E&E Webinar: Investigating effects of social context on complex cooperative behavior

Social behaviors are essential to the lives of many animals. “Complex” social behaviors are interactions among conspecifics take many forms, including repeated associations with particular individuals, interactions that differ across different contexts, or coordinated behaviors among many individuals.  In such interactions, the environment that determines the behavior’s success or failure is often defined by the interacting conspecifics themselves. In this talk I will discuss studies of two cooperative bird species that investigate the role of social context in complex cooperative behavior. In the cooperatively displaying lance-tailed manakin (Chiroxiphia lanceolata), male partners form long-term male-male alliances and display together for females. However, all-occurrence video monitoring of display behavior showed that the iconic two-male displays of this species are actually less likely to end with a copulation than displays performed by just one male.  So why do males ever display in pairs?  We combined male and female perspectives to better understand display and mating choices, and the role of sexual selection in the cooperative interactions of this species.
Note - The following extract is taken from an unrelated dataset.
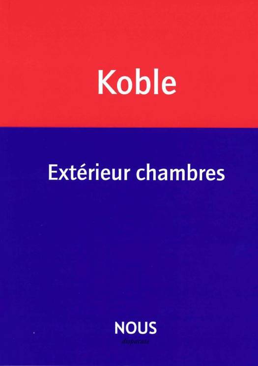 L'écriture de Nathalie Koble se caractérise par un travail de déplacement dans la reprise. Faisant sien le « make it new » d'Ezra Pound, elle invente une langue poétique hybride, entre les temps, les langues et les genres. Extérieur chambres est une consolation de poésie. Le livre rejoue des itinéraires, disperse les voix, varie les dispositifs d'écriture et de lecture. Pour donner forme à l'aléatoire et créer de l'espace, il fait boucle autour de trois moments essentiels : le déplacement, la rencontre, la disparition. Et fait tourner

In the brown-headed nuthatch (Sitta pusilla), a more classic cooperative breeder, experimental manipulation of brood sex ratios changed the social landscape of our adult population, resulting in more cooperation when biased adult sex ratios limited mating opportunities for young birds.  Both of these studies offer insights from long-term monitoring of wild populations and illustrate the complex web of interactions that shape social behavior. 

Biography

Emily DuVal is a behavioral ecologist and Professor in the Department of Biological Science at Florida State University. She began studying cooperative behavior in male lance-tailed manakins as a PhD student, and later developed a major line of research understanding the process and outcomes of sexual selection in this species.  Her work draws on long-term data from wild populations to understand the selective pressures shaping individual behavior. She earned her PhD from UC Berkeley, under the guidance of Eileen Lacey in the Museum of Vertebrate Zoology, and completed her postdoctoral work with Bart Kempenaers at the Max Planck Institute for Ornithology.  The work that she will discuss at ANU is supported in part by an NSF CAREER award.